TASK DESCRIPTION:
Your response is a verbatim copy of the listing, stripped of its images.

########

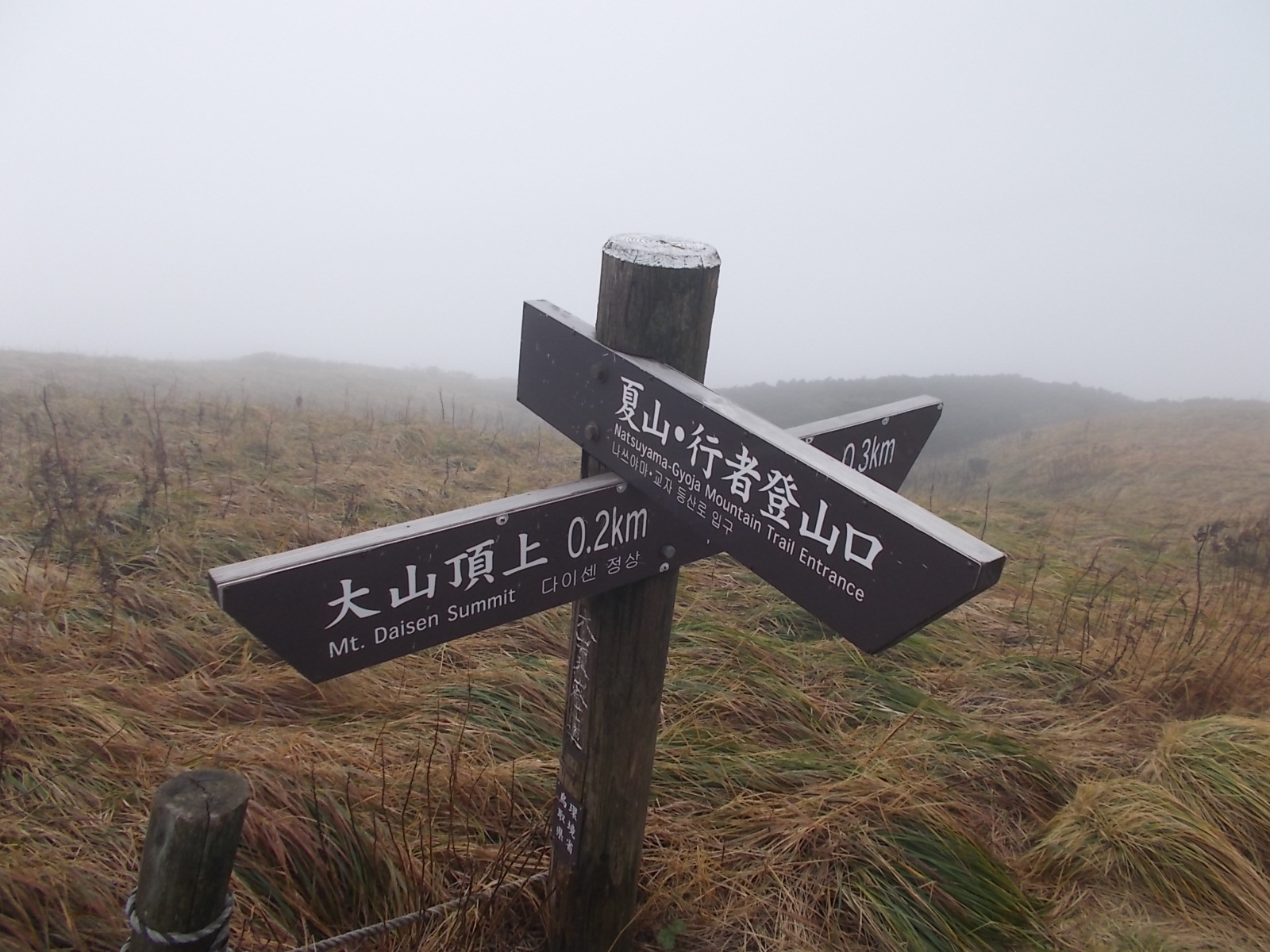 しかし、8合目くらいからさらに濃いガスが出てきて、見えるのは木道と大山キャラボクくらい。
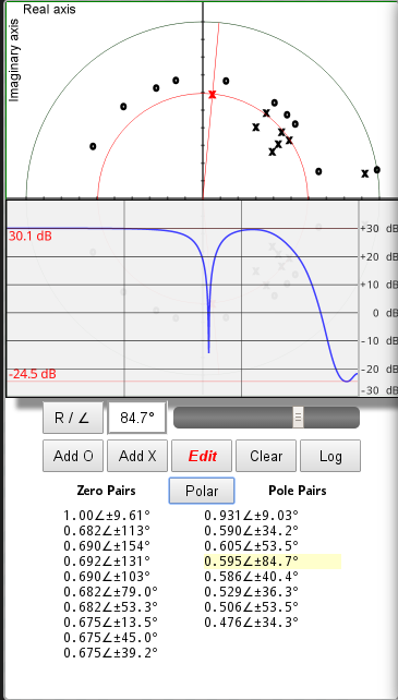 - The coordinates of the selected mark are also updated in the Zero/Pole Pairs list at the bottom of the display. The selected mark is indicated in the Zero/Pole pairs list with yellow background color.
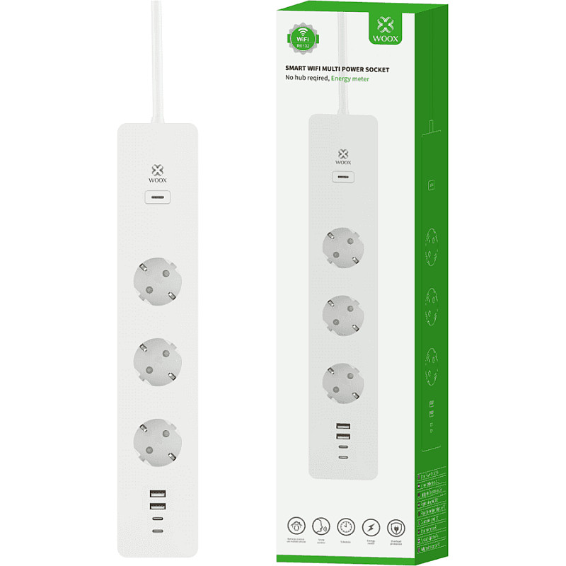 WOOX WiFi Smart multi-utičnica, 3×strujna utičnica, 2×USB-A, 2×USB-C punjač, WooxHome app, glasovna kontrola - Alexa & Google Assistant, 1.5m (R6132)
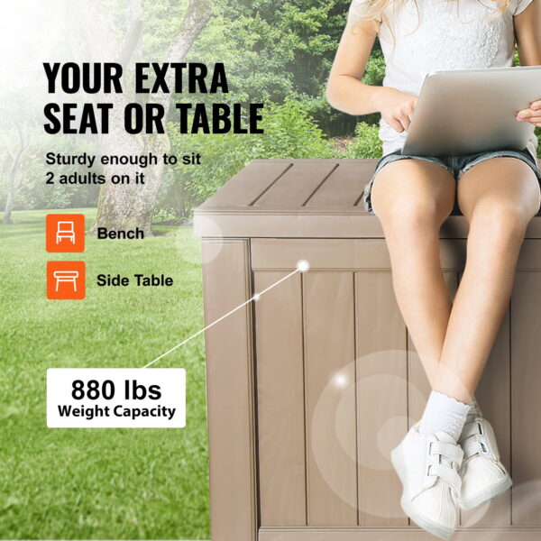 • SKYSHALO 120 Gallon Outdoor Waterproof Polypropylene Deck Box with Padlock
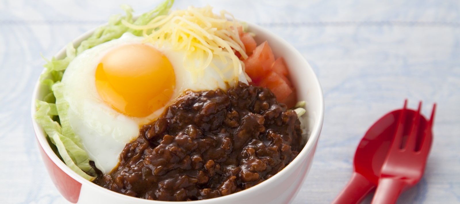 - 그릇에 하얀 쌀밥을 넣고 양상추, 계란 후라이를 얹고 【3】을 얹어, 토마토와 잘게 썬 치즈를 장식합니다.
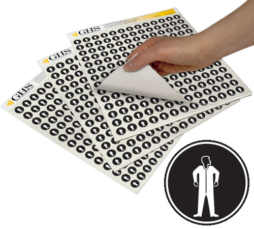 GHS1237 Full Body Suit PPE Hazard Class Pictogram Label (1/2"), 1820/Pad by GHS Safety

########

RESULT:
 しかし、8合目くらいからさらに濃いガスが出てきて、見えるのは木道と大山キャラボクくらい。
 - The coordinates of the selected mark are also updated in the Zero/Pole Pairs list at the bottom of the display. The selected mark is indicated in the Zero/Pole pairs list with yellow background color.
 WOOX WiFi Smart multi-utičnica, 3×strujna utičnica, 2×USB-A, 2×USB-C punjač, WooxHome app, glasovna kontrola - Alexa & Google Assistant, 1.5m (R6132)
 • SKYSHALO 120 Gallon Outdoor Waterproof Polypropylene Deck Box with Padlock
 - 그릇에 하얀 쌀밥을 넣고 양상추, 계란 후라이를 얹고 【3】을 얹어, 토마토와 잘게 썬 치즈를 장식합니다.
 GHS1237 Full Body Suit PPE Hazard Class Pictogram Label (1/2"), 1820/Pad by GHS Safety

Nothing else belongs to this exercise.